▶ **Task description**
Nothing should appear in the answer except the lines below from the line containing "ограничения, в пользу" through the line containing "-. Feature : Headband", copied exactly, with pictures left out.

▶ **Excerpted records**
_ _ _ _ _ _ _
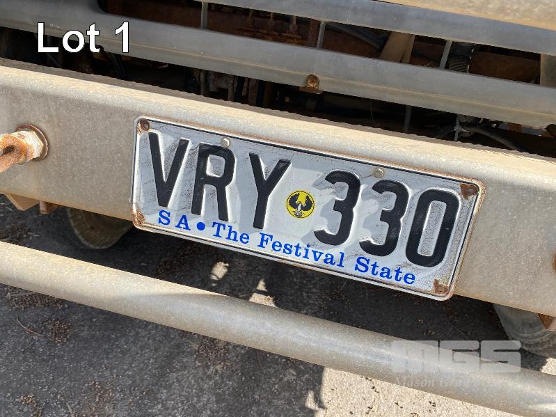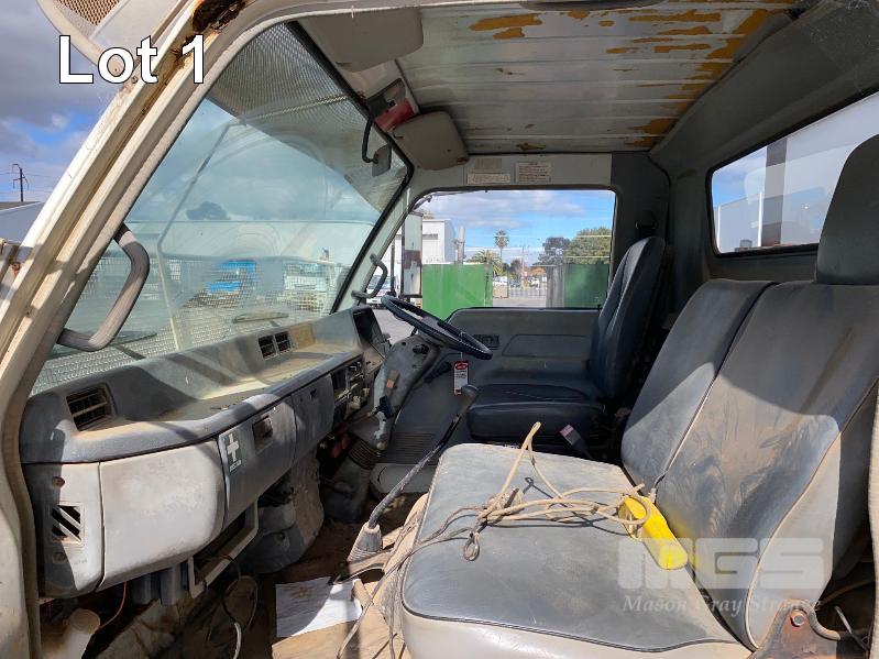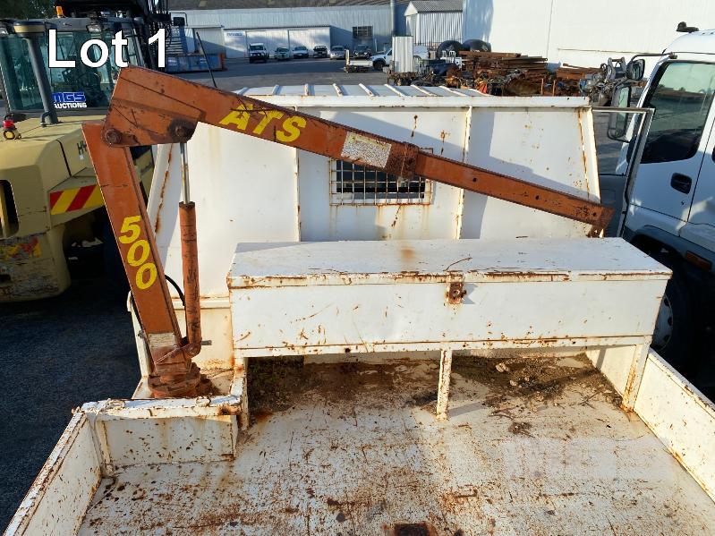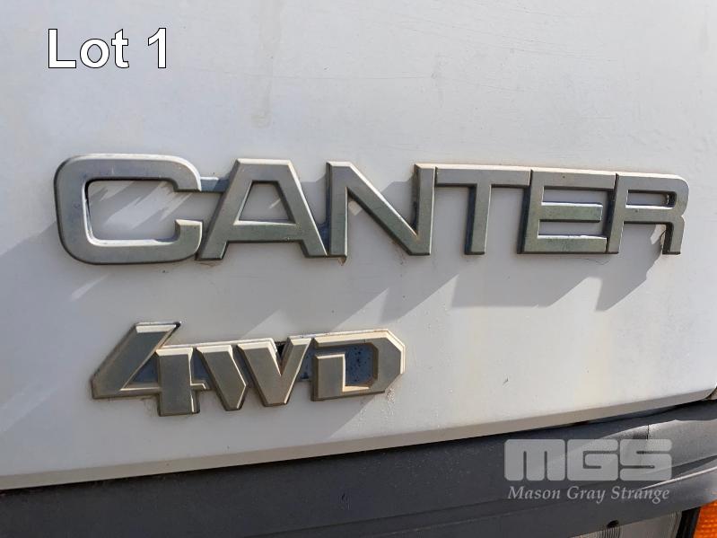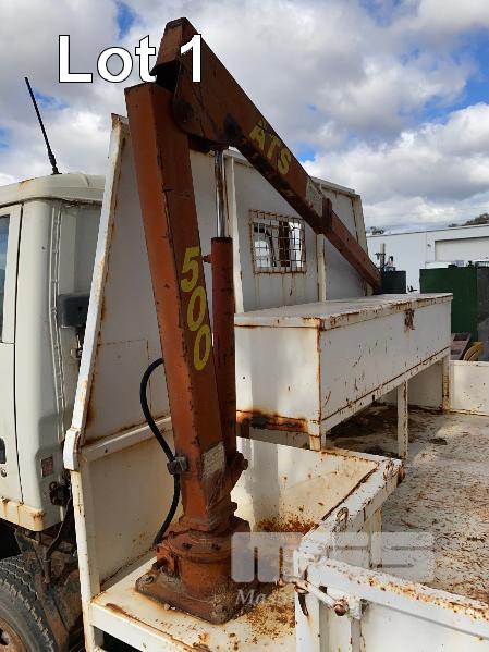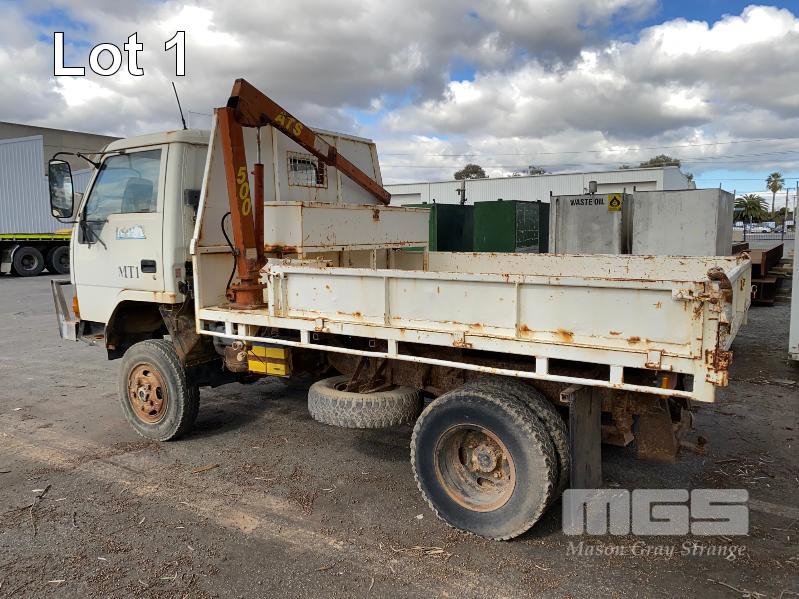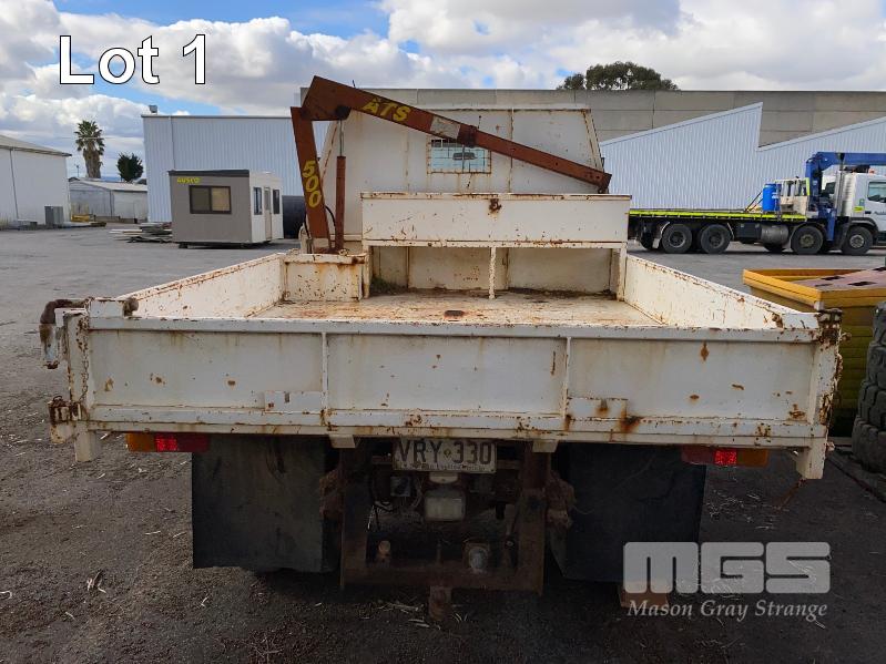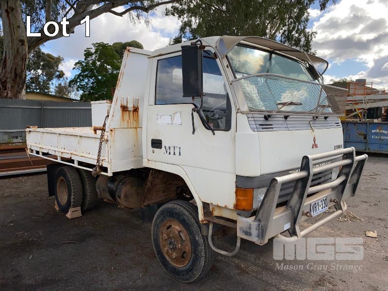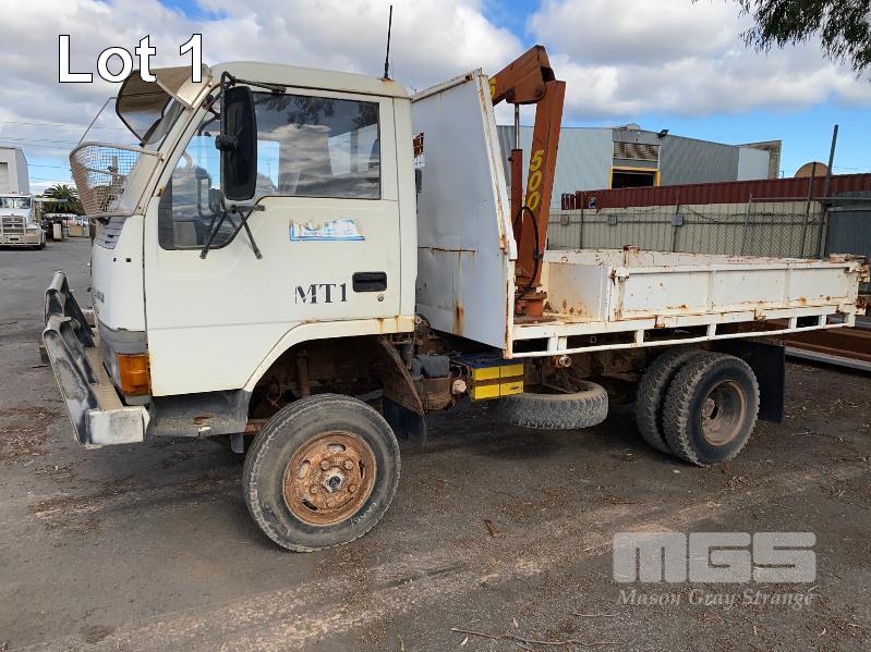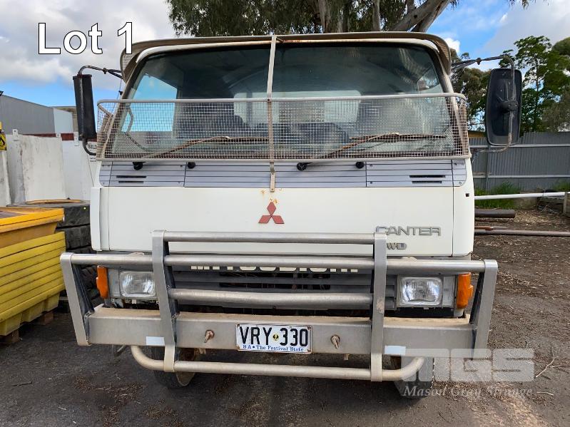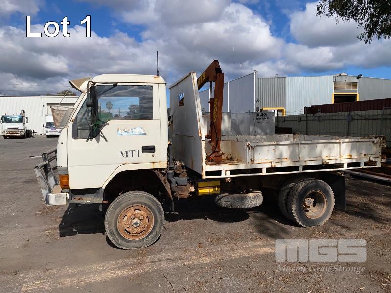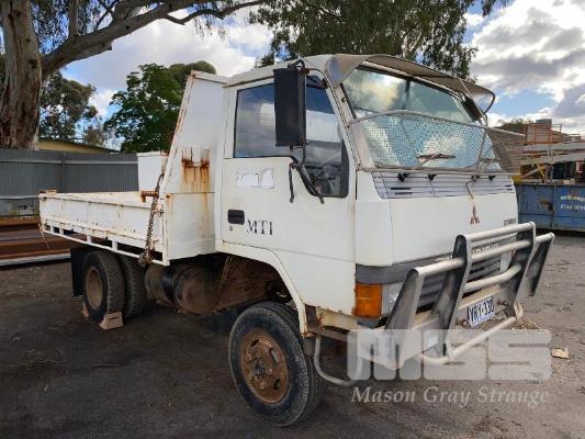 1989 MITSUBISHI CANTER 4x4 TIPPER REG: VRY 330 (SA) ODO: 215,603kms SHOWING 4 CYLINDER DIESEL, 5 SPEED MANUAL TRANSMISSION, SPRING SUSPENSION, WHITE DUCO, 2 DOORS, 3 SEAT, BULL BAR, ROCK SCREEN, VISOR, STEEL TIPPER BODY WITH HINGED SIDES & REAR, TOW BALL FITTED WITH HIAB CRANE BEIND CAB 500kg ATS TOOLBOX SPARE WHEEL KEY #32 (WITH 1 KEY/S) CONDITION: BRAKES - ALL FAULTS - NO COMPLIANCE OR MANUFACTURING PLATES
_ _ _ _ _ _ _
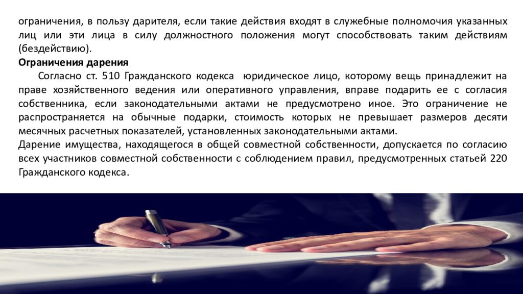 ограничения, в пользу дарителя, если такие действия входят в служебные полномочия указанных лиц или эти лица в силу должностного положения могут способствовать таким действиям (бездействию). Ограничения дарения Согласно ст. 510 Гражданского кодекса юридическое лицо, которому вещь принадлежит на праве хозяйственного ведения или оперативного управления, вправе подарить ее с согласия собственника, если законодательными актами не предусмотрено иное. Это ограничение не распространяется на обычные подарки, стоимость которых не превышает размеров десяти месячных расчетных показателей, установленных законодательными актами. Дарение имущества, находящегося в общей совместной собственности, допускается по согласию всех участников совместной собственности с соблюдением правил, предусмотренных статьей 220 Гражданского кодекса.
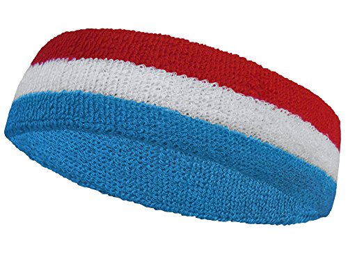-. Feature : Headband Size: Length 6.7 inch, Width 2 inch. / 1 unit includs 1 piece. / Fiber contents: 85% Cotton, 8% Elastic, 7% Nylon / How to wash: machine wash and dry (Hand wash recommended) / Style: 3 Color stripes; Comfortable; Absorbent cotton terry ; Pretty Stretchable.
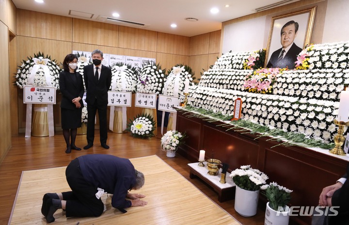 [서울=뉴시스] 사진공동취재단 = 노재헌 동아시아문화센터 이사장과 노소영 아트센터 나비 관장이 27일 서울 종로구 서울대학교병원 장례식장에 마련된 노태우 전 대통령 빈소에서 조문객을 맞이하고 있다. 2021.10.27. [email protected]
_ _ _ _ _ _ _
▶ **Exercise result**
 ограничения, в пользу дарителя, если такие действия входят в служебные полномочия указанных лиц или эти лица в силу должностного положения могут способствовать таким действиям (бездействию). Ограничения дарения Согласно ст. 510 Гражданского кодекса юридическое лицо, которому вещь принадлежит на праве хозяйственного ведения или оперативного управления, вправе подарить ее с согласия собственника, если законодательными актами не предусмотрено иное. Это ограничение не распространяется на обычные подарки, стоимость которых не превышает размеров десяти месячных расчетных показателей, установленных законодательными актами. Дарение имущества, находящегося в общей совместной собственности, допускается по согласию всех участников совместной собственности с соблюдением правил, предусмотренных статьей 220 Гражданского кодекса.
-. Feature : Headband Size: Length 6.7 inch, Width 2 inch. / 1 unit includs 1 piece. / Fiber contents: 85% Cotton, 8% Elastic, 7% Nylon / How to wash: machine wash and dry (Hand wash recommended) / Style: 3 Color stripes; Comfortable; Absorbent cotton terry ; Pretty Stretchable.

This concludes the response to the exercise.